-- Supplied entries follows --

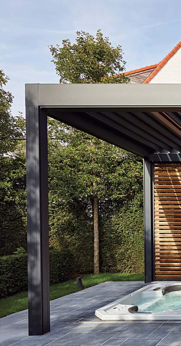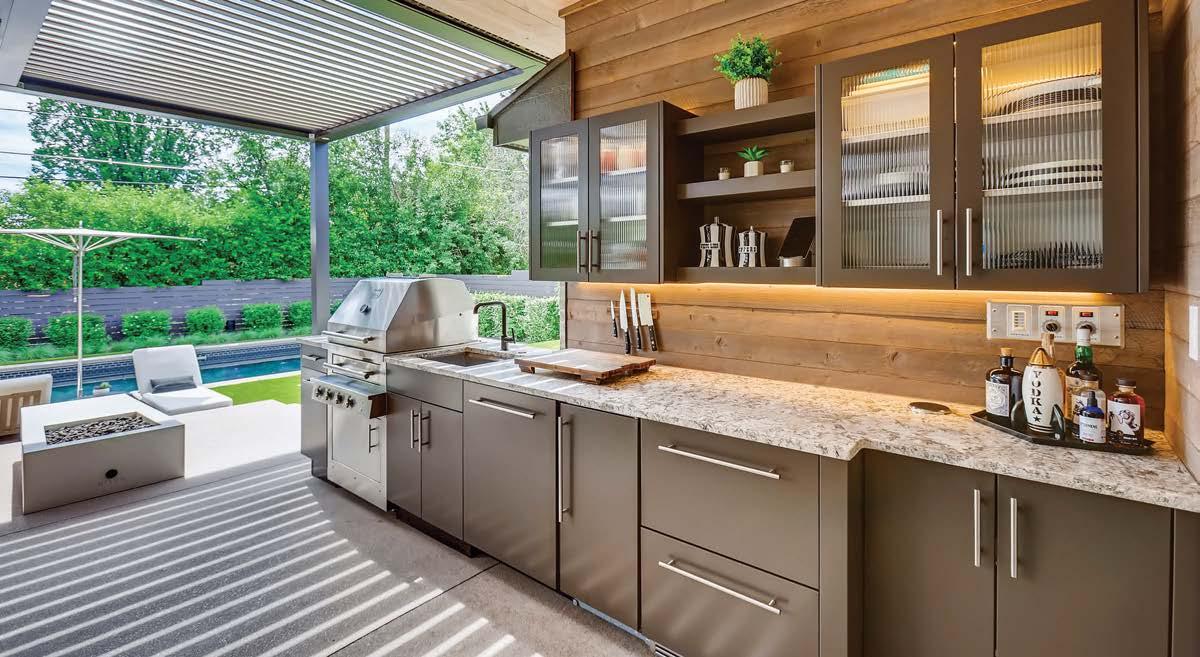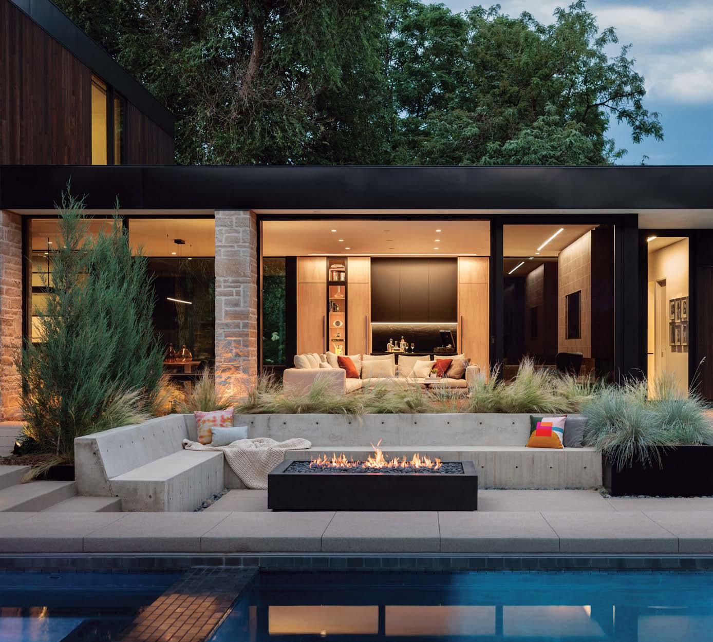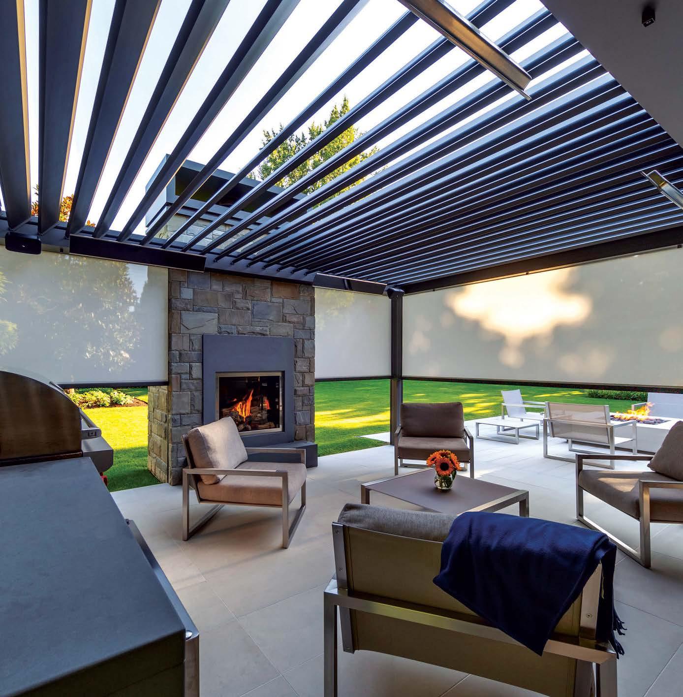 The team is proud of how they have incorporated cutting-edge technology to create “smart, intuitive indoor-outdoor spaces.” Deemer explains, “Automated lighting systems, temperature-controlled water features and motorized louvered roofs provide effortless functionality and comfort. Smart irrigation systems ensure optimal water usage, while outdoor audio and visual systems offer easy entertainment. Technology also plays a role in long-term sustainability, with features like app-controlled climate systems and energyefficient designs that reduce environmental impact while enhancing convenience and usability for our clients.”
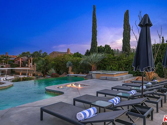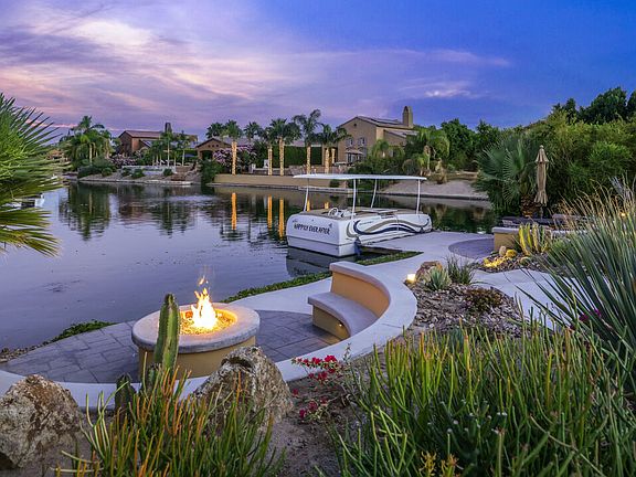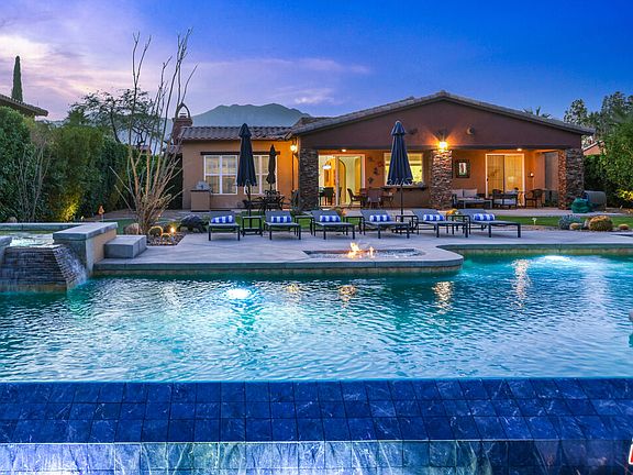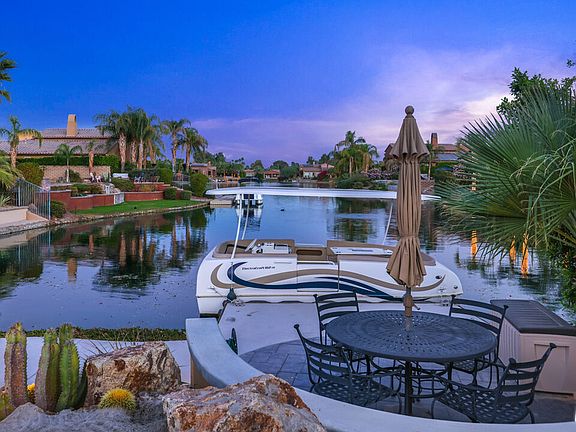 Celebrate holidays in Luxury on the Lake in exclusive gated community of Santo Tomas in Rancho Mirage. This lakefront private resort luxury home offers unobstructed lake and mountain Views. The home is recently upgraded with no detail overlooked. A new kitchen with quartz countertops, a farmhouse sink, stainless steel gas cooktop, and a large island, plus a breakfast/living area all overlooking the Lake & backyard. All bedrooms have new wall mounted flatscreen TV's, new porcelain tile wood floors, new furniture and LR with gas fireplace. Lakefront entertainment area with a dining area, gas firepit with built-in seating, and a cantilevered concrete dock to launch your paddleboard, canoe, or kayak. A covered Lakeview porch to eat or relax as there is an island stainless steel barbeque next to a 3-hole putting green. Swim in a newer Pebble-Tec pool with a stacked stone waterfall spa and beach entry. Close to all great shopping, restaurants, Agua Caliente Casino, The River, and El Paseo.
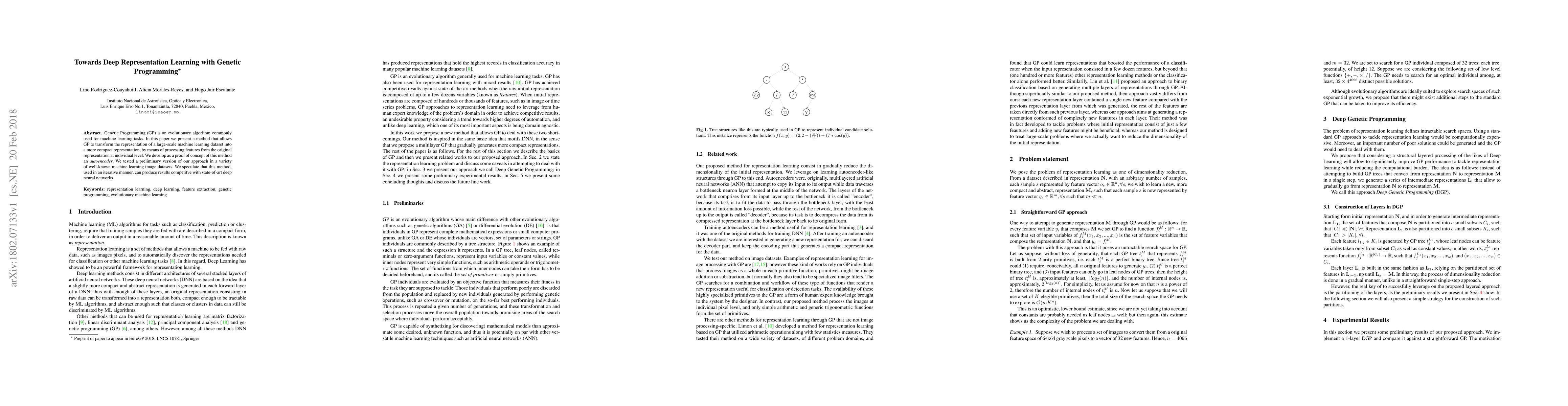 This paper proposes a method using Genetic Programming to create compact representations from large-scale machine learning datasets through individual feature processing, demonstrating this with an autoencoder on image datasets, and suggests potential for competitive results with state-of-the-art deep neural networks when used iteratively.
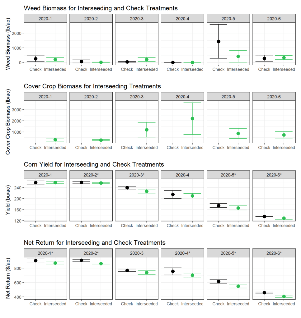 0.5 lb/ac chicory) interseeded at V5-V6 corn vs. check treatment.
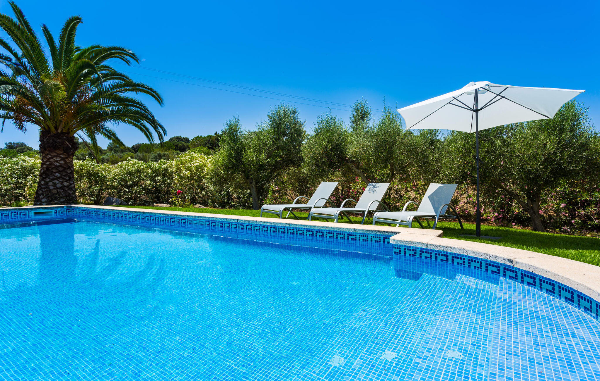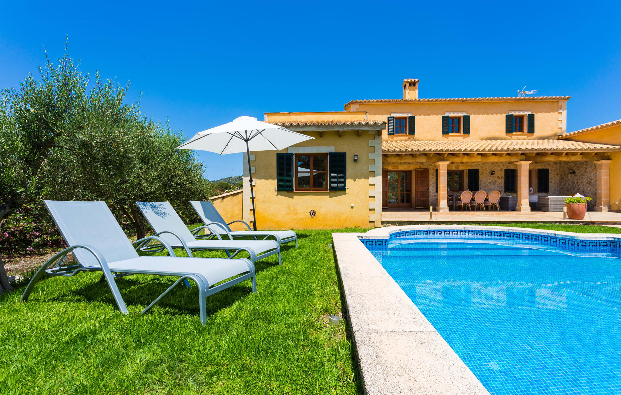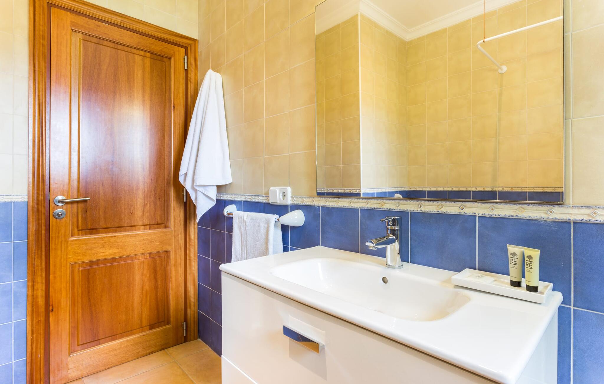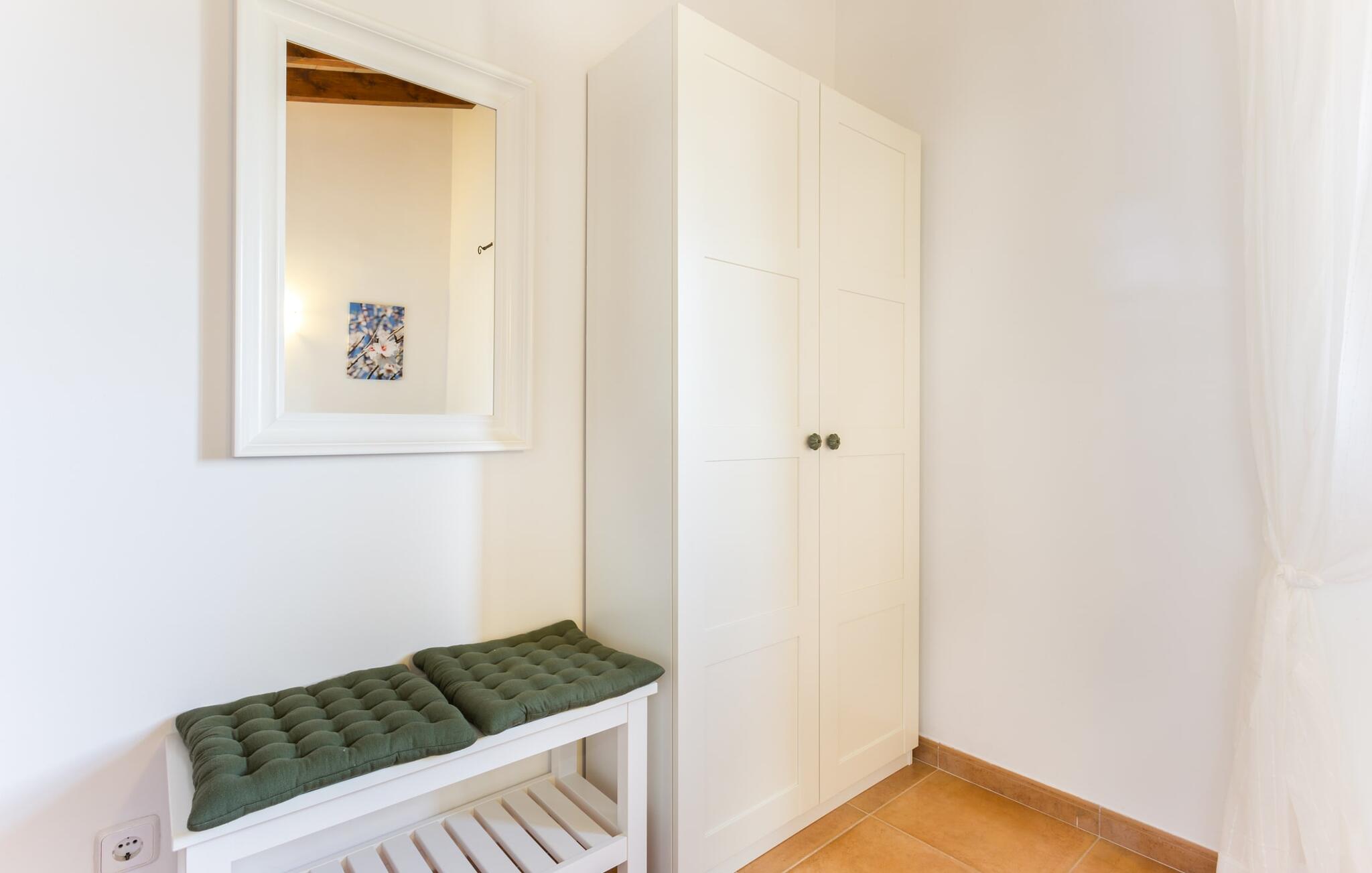Binnen beschikt de ruime villa over voorzieningen van hoge kwaliteit. Lichte kamers met houten plafonds en prachtige vloertegels creëren een vrolijke sfeer. De grote woonkamer heeft een open haard en een gezellige zithoek. De volledig uitgeruste keuken heeft een eettafel voor maximaal tien personen en een bijkeuken met wasmachine. Vier slaapkamers met daglicht, gecombineerd met vier badkamers en centrale verwarming zorgen voor een ontspannen verblijf het hele jaar door.
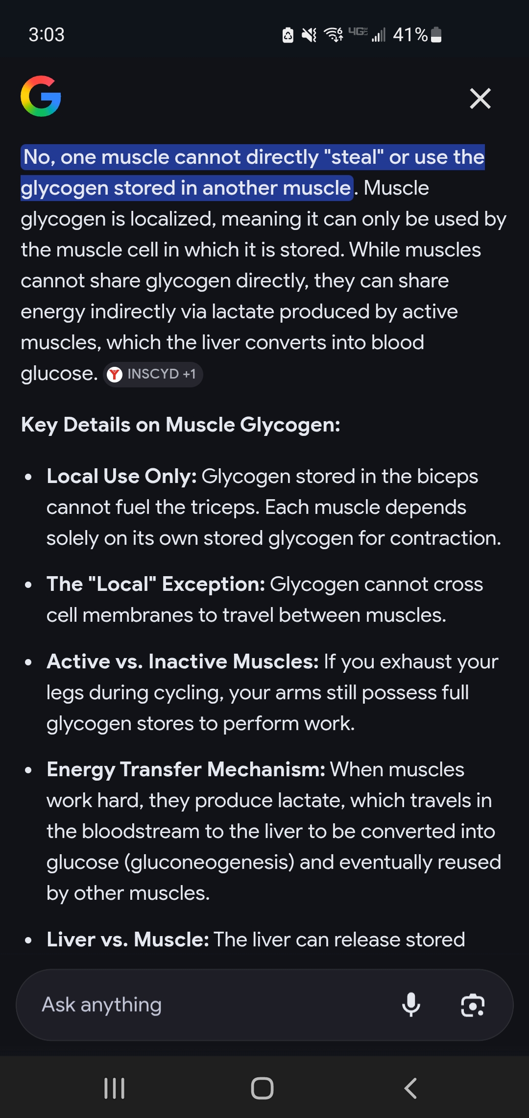 >>77187544Glycogen is also stored locally in the muscle.I've sufficiently answered your question here >>77184492. You're arguing just to argue.

-- Supplied entries concluded --

● **Problem details**: For each entry, copy the text exactly and leave out any image it carries.

● **Completed task**:
 The team is proud of how they have incorporated cutting-edge technology to create “smart, intuitive indoor-outdoor spaces.” Deemer explains, “Automated lighting systems, temperature-controlled water features and motorized louvered roofs provide effortless functionality and comfort. Smart irrigation systems ensure optimal water usage, while outdoor audio and visual systems offer easy entertainment. Technology also plays a role in long-term sustainability, with features like app-controlled climate systems and energyefficient designs that reduce environmental impact while enhancing convenience and usability for our clients.”
 Celebrate holidays in Luxury on the Lake in exclusive gated community of Santo Tomas in Rancho Mirage. This lakefront private resort luxury home offers unobstructed lake and mountain Views. The home is recently upgraded with no detail overlooked. A new kitchen with quartz countertops, a farmhouse sink, stainless steel gas cooktop, and a large island, plus a breakfast/living area all overlooking the Lake & backyard. All bedrooms have new wall mounted flatscreen TV's, new porcelain tile wood floors, new furniture and LR with gas fireplace. Lakefront entertainment area with a dining area, gas firepit with built-in seating, and a cantilevered concrete dock to launch your paddleboard, canoe, or kayak. A covered Lakeview porch to eat or relax as there is an island stainless steel barbeque next to a 3-hole putting green. Swim in a newer Pebble-Tec pool with a stacked stone waterfall spa and beach entry. Close to all great shopping, restaurants, Agua Caliente Casino, The River, and El Paseo.
 This paper proposes a method using Genetic Programming to create compact representations from large-scale machine learning datasets through individual feature processing, demonstrating this with an autoencoder on image datasets, and suggests potential for competitive results with state-of-the-art deep neural networks when used iteratively.
 0.5 lb/ac chicory) interseeded at V5-V6 corn vs. check treatment.
Binnen beschikt de ruime villa over voorzieningen van hoge kwaliteit. Lichte kamers met houten plafonds en prachtige vloertegels creëren een vrolijke sfeer. De grote woonkamer heeft een open haard en een gezellige zithoek. De volledig uitgeruste keuken heeft een eettafel voor maximaal tien personen en een bijkeuken met wasmachine. Vier slaapkamers met daglicht, gecombineerd met vier badkamers en centrale verwarming zorgen voor een ontspannen verblijf het hele jaar door.
 >>77187544Glycogen is also stored locally in the muscle.I've sufficiently answered your question here >>77184492. You're arguing just to argue.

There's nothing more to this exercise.